= INFORMATION SHOWN =
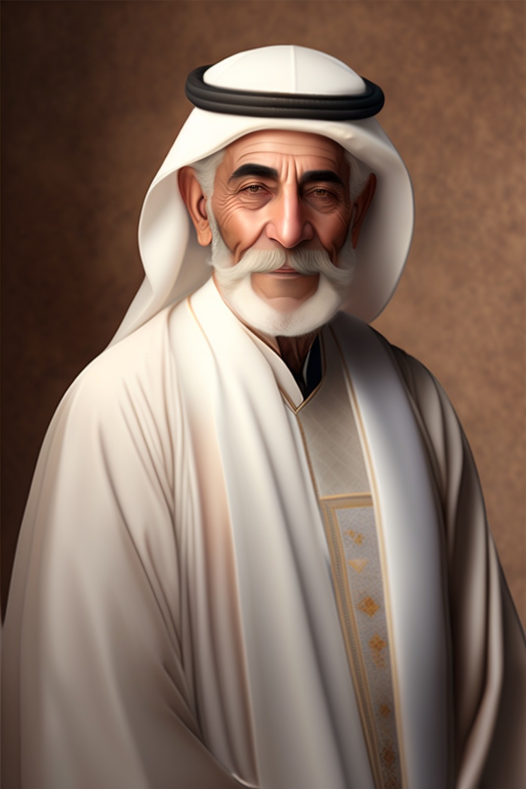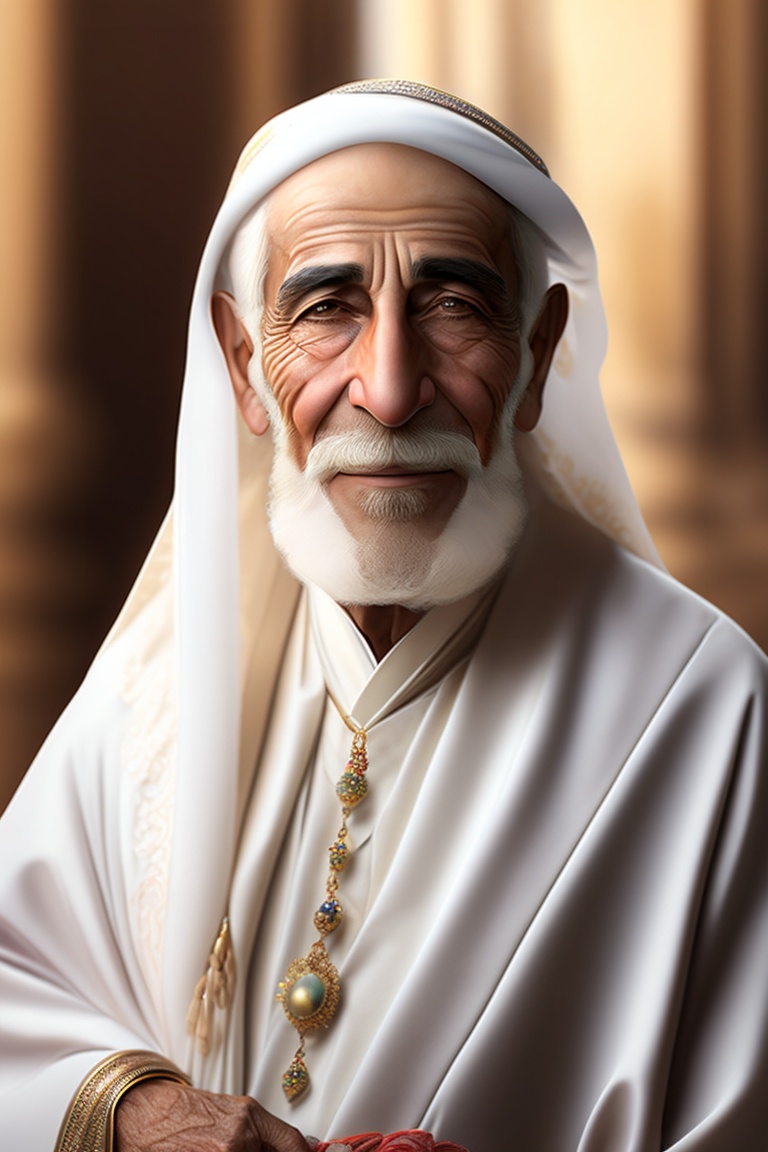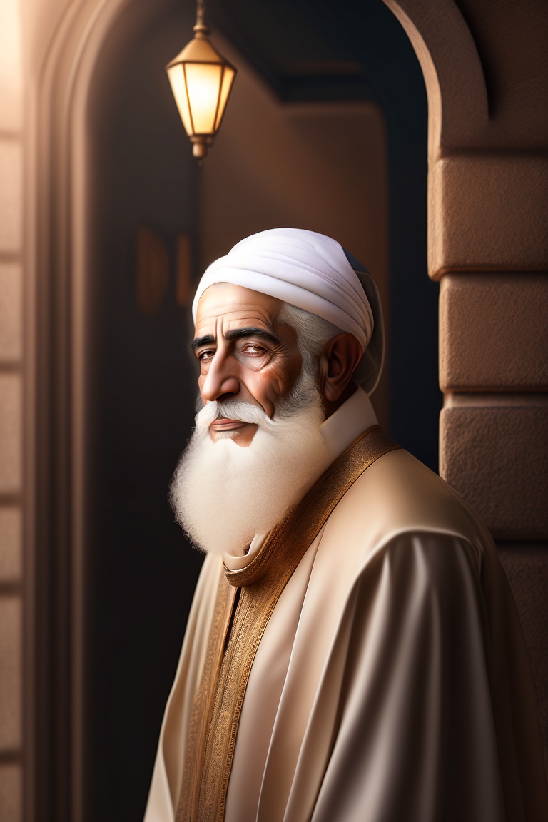 A wise old arab man appears, with wisdom and dignity white tunisian abaya year 1900, looking at the camera
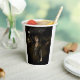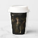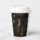 Thin female carrying a lamp and a bone through woods at night, with a dog as a companion.
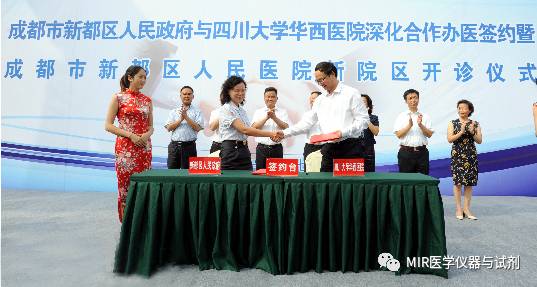 2014年7月新都区政府与四川大学华西医院(下简称华西医院)深化合作办医签约仪式举行,新都区人民医院正式成为“华西医院区域联盟网络医院”,这是华西医院首次与区级政府建立深化合作战略关系,华西医院选派普外科主治医师杜潇博士进驻新都区人民医院挂职副院长。 签约后,新都区人民医院的病人不到华西医院,也能共享到华西医院的医疗技术等。此次合作期限为3年,双方明确将在新都区人民医院规划发展、人才培养、学科建设等方面展开深入合作,华西医院将帮助新都区人民医院培养专科医生、专业护士和医院专业管理人才,并委派相关专业专家指导新都区人民医院相关学科和专业。

= TASK REQUIREMENTS =
A word-for-word copy of the listing is needed, with no pictures in it.

= EXERCISE ANSWER =
 A wise old arab man appears, with wisdom and dignity white tunisian abaya year 1900, looking at the camera
 Thin female carrying a lamp and a bone through woods at night, with a dog as a companion.
 2014年7月新都区政府与四川大学华西医院(下简称华西医院)深化合作办医签约仪式举行,新都区人民医院正式成为“华西医院区域联盟网络医院”,这是华西医院首次与区级政府建立深化合作战略关系,华西医院选派普外科主治医师杜潇博士进驻新都区人民医院挂职副院长。 签约后,新都区人民医院的病人不到华西医院,也能共享到华西医院的医疗技术等。此次合作期限为3年,双方明确将在新都区人民医院规划发展、人才培养、学科建设等方面展开深入合作,华西医院将帮助新都区人民医院培养专科医生、专业护士和医院专业管理人才,并委派相关专业专家指导新都区人民医院相关学科和专业。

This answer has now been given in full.